* [WORK TASK]:
Transcribe word for word the section of the records below that opens with the line containing "Black and white" and closes with the line containing "73542220 alte Postkarte"; drop every picture.

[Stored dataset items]

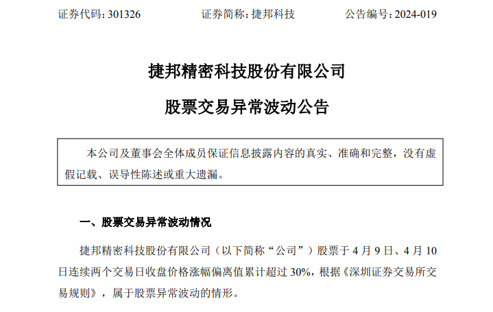 捷邦科技表示,公司关注到部分媒体和股吧等平台对公司业务相关讨论涉及热点概念以及有少数投资者散布短线炒作公司股价的言论。公司于2024年4月3日在互动易回复投资者提问时,提到公司可以依照客户需求,定制开发应用于固态电池的碳纳米管产品。截至目前,公司上述产品仍处于实验室制备阶段,尚未贡献收入。在效果预期方面,存在效果不达预期或研发失败的风险,后续能否获得客户认可具有不确定性,未来产生的经济效益和对公司业绩的影响存在不确定性。
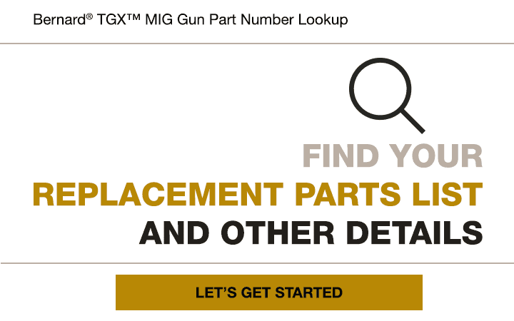 Bernard® TGX™ semi-automatic air-cooled MIG guns are perfect for low volume, light- to medium-duty welding and a durable, attractively priced choice. TGX MIG guns are ideally suited for lower amperage welding applications and shorter arc-on times.
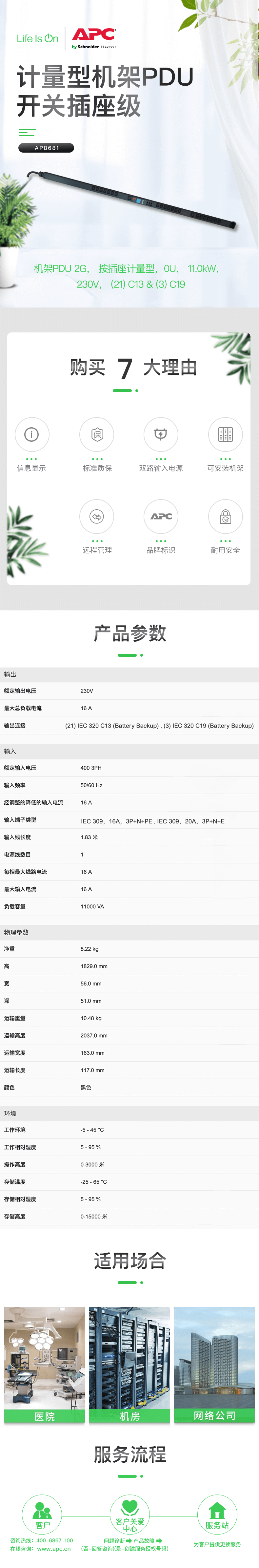 • 产品描述:机架PDU 2G, 按插座计量型,0U, 11.0kW, 230V, (21) C13 amp; (3) C19
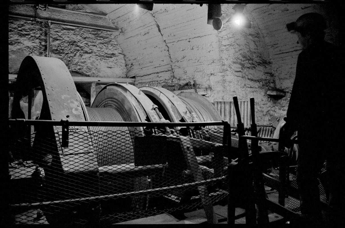 Black and white film negative showing powered supports and shearer on V44s face in the Gellideg seam, Deep Duffryn Colliery 1978. 'Deep Duffryn 1978' is transcribed from original negative bag.
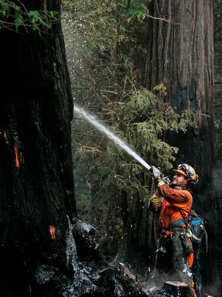 Ein Feuerwehrmann versucht in Big Sur (Kalifornien), mit Wasser aus einem Feuerwehrschlauch einen Mammutbaum zu retten.
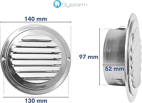 SYSTERM Lamellengitter Edelstahl poliert Wetterschutzgitter Lüftungsgitter DN - (100mm)
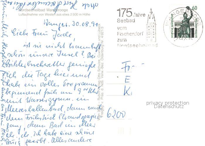 73542220 alte Postkarte Wangerooge Nordseebad Fliegeraufnahme postalisch gelaufen Erhaltung siehe scans [WerneD78] KatCode: 11110003455021
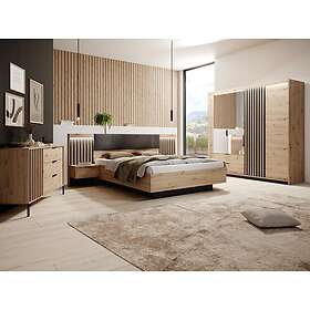 Vente Unique Lit coffre avec chevets 160 x 200 cm Avec LEDs Coloris : Naturel et anthracite ELYNIA
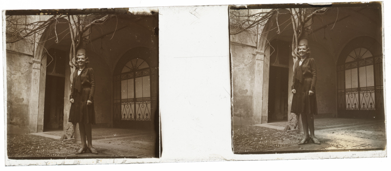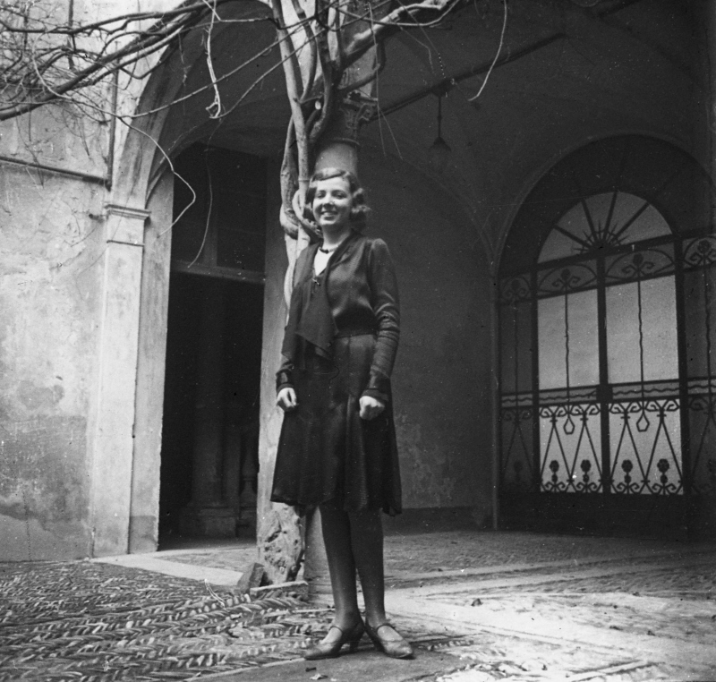 Fotografia di ragazza nel cortile di Casa Grecchi in Corso MazziniDatazione:

* [TASK OUTPUT]:
 Black and white film negative showing powered supports and shearer on V44s face in the Gellideg seam, Deep Duffryn Colliery 1978. 'Deep Duffryn 1978' is transcribed from original negative bag.
 Ein Feuerwehrmann versucht in Big Sur (Kalifornien), mit Wasser aus einem Feuerwehrschlauch einen Mammutbaum zu retten.
 SYSTERM Lamellengitter Edelstahl poliert Wetterschutzgitter Lüftungsgitter DN - (100mm)
 73542220 alte Postkarte Wangerooge Nordseebad Fliegeraufnahme postalisch gelaufen Erhaltung siehe scans [WerneD78] KatCode: 11110003455021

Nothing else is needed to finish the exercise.